One way to avoid this happening is to cut the clay from the edge of the slab to the middle. Stop cutting when you get to the middle of the slab.
Then start the cut again from the other edge, so that with each cut you are ending the slicing motion in the middle of the slab.
This will prevent too much pressure from being applied to the outer edge of the clay slab.
Tip
Using a pizza wheel is a good way to cut a clay slab because you are pressing down into the slab, rather than dragging into the clay. This can help prevent the clay from breaking as you cut it.
Drying Hard Slab Pottery
There are two important things to remember about drying out hard slab pottery.
- Tip 1: When you are making a piece by assembling different slabs of clay, each section should have the same moisture content as the others. This is because when you join clay, you want each section to be shrinking at the same rate as it dries.
If one part is drier than the others, and shrinking at a different rate, the piece is likely to crack at the join. Keep your different sections of the piece covered with plastic or saran wrap when you are not working on them. This will prevent them from drying out too much or too quickly. - Tip 2: When you are working with slabs, always let them dry out very slowly and evenly. This is because slabs have a tendency to curl or warp when they dry. And they are prone to cracking at the seam. Drying your work out slowly will go a long way to avoiding this.
You can dry it slowly by covering it with plastic for a good few days. It can help to cover the piece with a texture-free cloth under the plastic. This will prevent condensation that gathers on the inside of the plastic covering from dripping onto the clay.

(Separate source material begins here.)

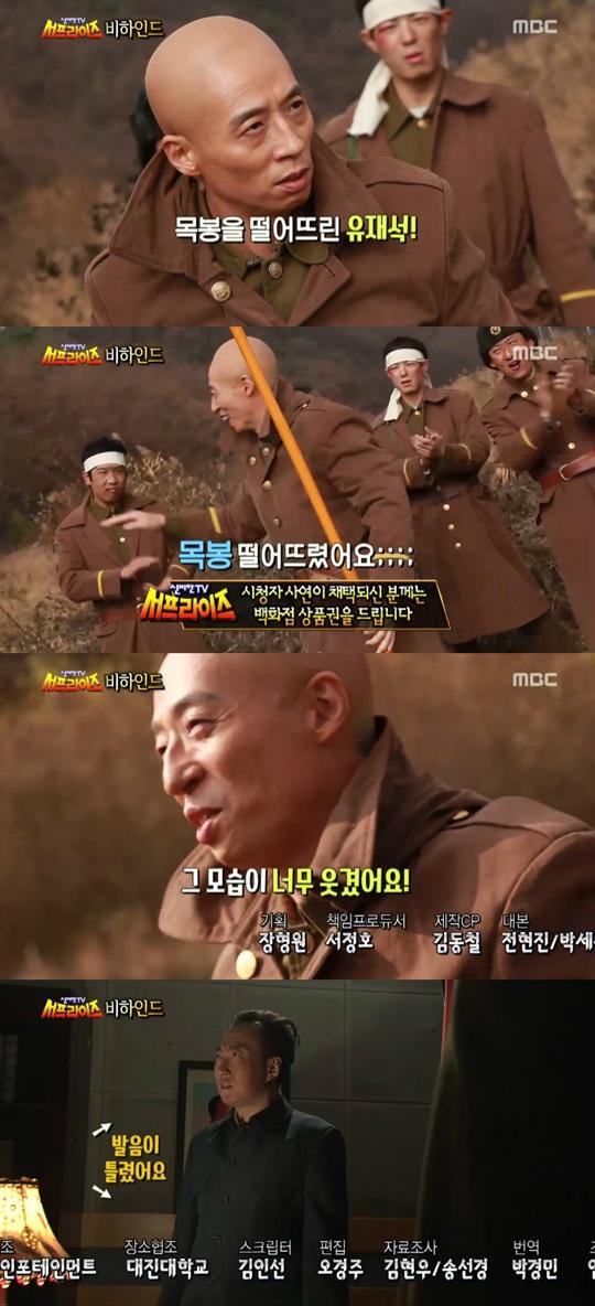 이날 유재석은 특수장교로 분해 화려한 목봉술을 선보였다. 하지만 공개된 NG장면에서 유재석은 목봉을 열심히 돌리다가 떨어트렸고, 이에 다른 출연진들은 박수를 쳤다.
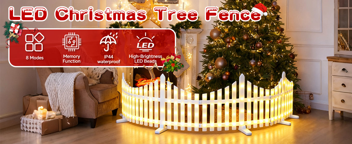 Fitas de Natal à Prova de Água: Com uma classificação de impermeabilidade IP44, estas luzes de Natal decorativas são projetadas para resistir à chuva e a várias condições meteorológicas durante todo o ano. Esta iluminação de cerca de Natal em LED durável é ideal para uso ao ar livre, decorando o seu jardim, caminhos, pátios, relvados, quintais e paisagismo. Desfrute do que há de mais recente em decoração de luzes de Natal ao ar livre com esta deslumbrante cerca iluminada.

As the clay dries out, you can gradually loosen off the plastic bag. Usually, I wait until the clay is almost bone dry before I completely remove the plastic covering.

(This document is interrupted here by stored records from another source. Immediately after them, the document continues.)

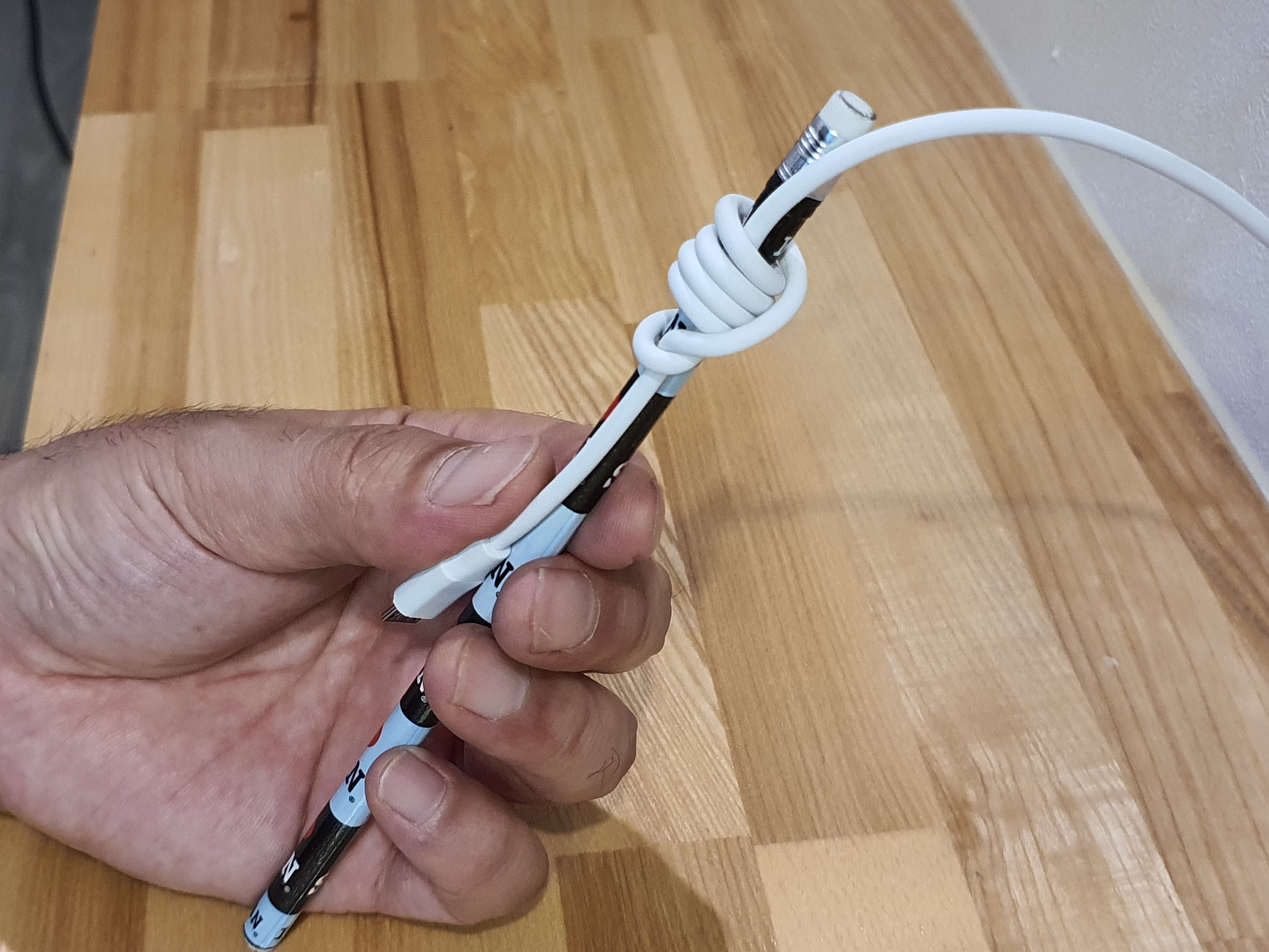 아래 두꺼운줄로 연필에 묶는 사진을 참고 올렸으니, 보시고 한번 도전 해보세요.
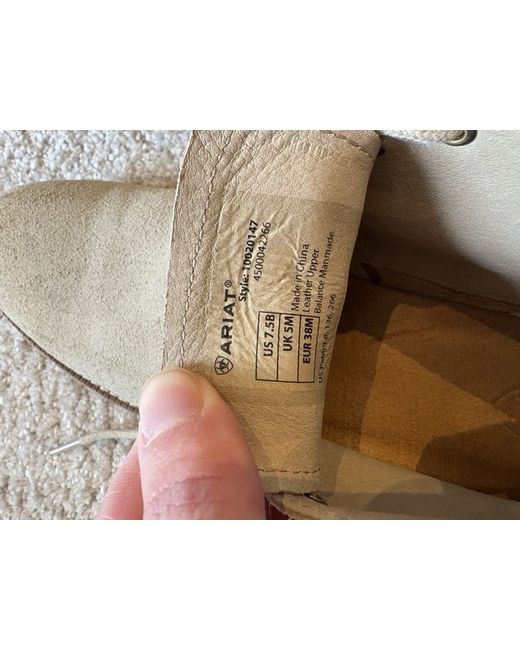 These Women's Ariat Desert Boots in size 5 are a stylish and comfortable ankle boot perfect for everyday wear. With an almond toe shape and low block heel, these beige boots feature a suede upper and leather outsole for durability and quality. The Western theme adds a touch of flair to the standard shoe width, making them a versatile and fashionable choice for any wardrobe.
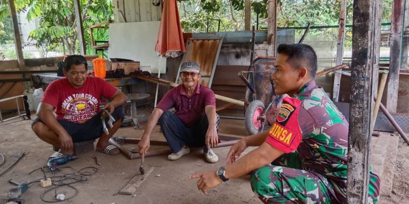 Tapung, – Serda Rohiyat Nuryanto Babinsa Koramil 16/Tapung Kodim 0313/Kampar melaksanakan komunikasi sosial dengan bapak Zainal, Selaku Pemilik Bengkel Las di Desa Petapahan Jaya, Kecamatan Tapung Kabupaten Kampar. selasa (18/10/2022).
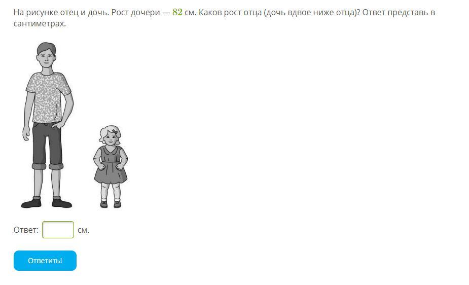 Если дочь ниже отца в 2 раза ,то значит что отец выше дочери в 2 раза , значит мы должны умножить рост дочери на 2:
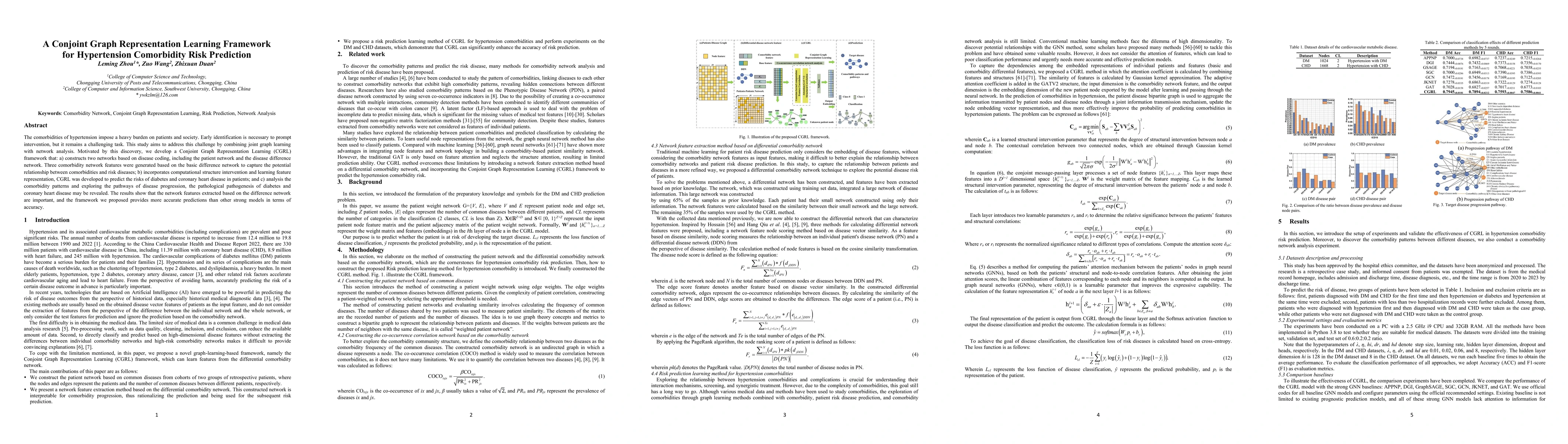 The comorbidities of hypertension impose a heavy burden on patients and society. Early identification is necessary to prompt intervention, but it remains a challenging task. This study aims to address this challenge by combining joint graph learning with network analysis. Motivated by this discovery, we develop a Conjoint Graph Representation Learning (CGRL) framework that: a) constructs two networks based on disease coding, including the patient network and the disease difference network. Three comorbidity network features were generated based on the basic difference network to capture the potential relationship between comorbidities and risk diseases; b) incorporates computational structure intervention and learning feature representation, CGRL was developed to predict the risks of diabetes and coronary heart disease in patients; and c) analysis the comorbidity patterns and exploring the pathways of disease progression, the pathological pathogenesis of diabetes and coronary heart disease may be revealed. The results show that the network features extracted based on the difference network are important, and the framework we proposed provides more accurate predictions than other strong models in terms of accuracy.

It can feel like a painfully slow process letting slab pottery dry out. But it’s worth it. It’s very disappointing if your work cracks or warps because it dried out unevenly.
Joining Hard Slab Pottery
If you are working with soft slabs, then you can often join the clay by simply pressing the clay together. When the clay is fresh it usually has enough moisture so that it will bond together if the clay is compressed firmly together.
However, when joining hard slabs, you do need to use the score and slip method. This involves scoring into the edge of the slab with a textured tool like a serrated rib or even a regular kitchen fork. Then apply some clay slip to the join before pressing the seams together.

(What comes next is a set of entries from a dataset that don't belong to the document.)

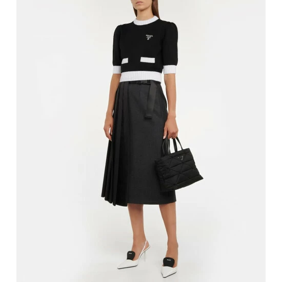 There’s something about this black Re-Nylon tote that instantly says Prada – and it’s not just the enameled triangle logo plaque. It’s cut from the collection’s eponymous fabric that’s filled with soft padding and then diamond-quilted throughout. We love that it comes with its own small pouch, too.
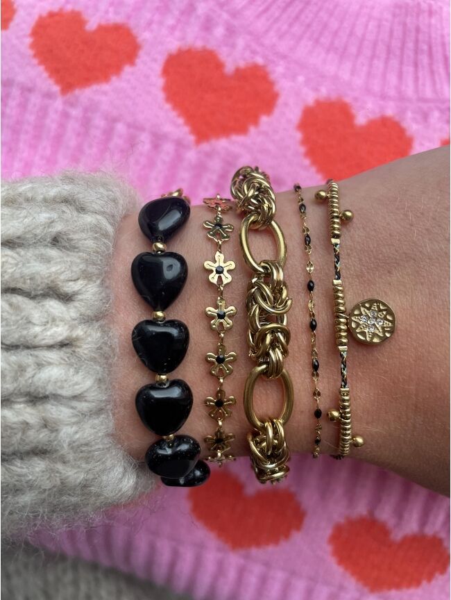 DAY&EVE by GO DUTCH LABEL Bloemetjes armbandje zwart
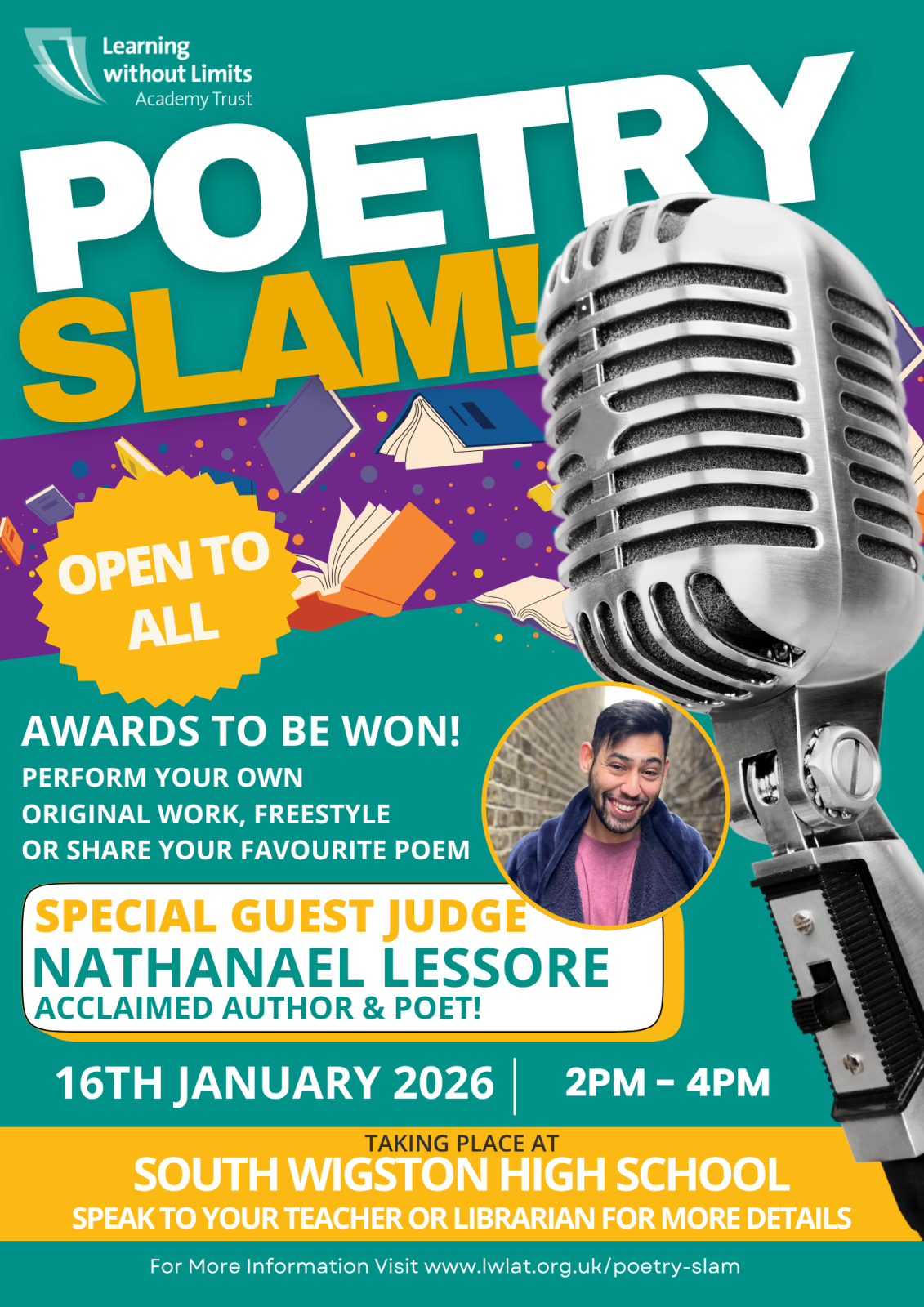 We are busing planning our 3rd Annual Poetry Slam for Friday 16th January 2026 taking place at South Wigston High School from 2:00 -4:00pm.

If you prefer you can simply add water to the scored surface. The water on the scored surface will create its own slip as you are working.
Once the seams have been pressed together, it helps to blend in the clay too. This involves smoothing out the edges of the seam to create a smooth surface.
In addition to blending the clay, you can also add a small coil of clay to the join and blend that in over the seam too. This will reinforce the join even further.
Tip
It’s not uncommon for the edges of a slab to dry out a little more than the center of the slab. If you notice that this has happened, you can spray a little bit of water onto the edge before you start to join your pieces.
This can even out the moisture content across the slab. As such it can reduce the chance that your piece will crack when it’s joined and it’s drying out.
Final Thoughts
Really large pieces of hard slab pottery, like garden sculptures, are not just pieces of art, they are feats of engineering too. However, not all stiff slab construction needs to be on a massive scale. A well-crafted slab vase requires a similar kind of thought, planning, and creative flair. Hard slab pottery is very enjoyable if you like to solve puzzles and find ways to make things work. At the same time, you are exercising your artistic skill too.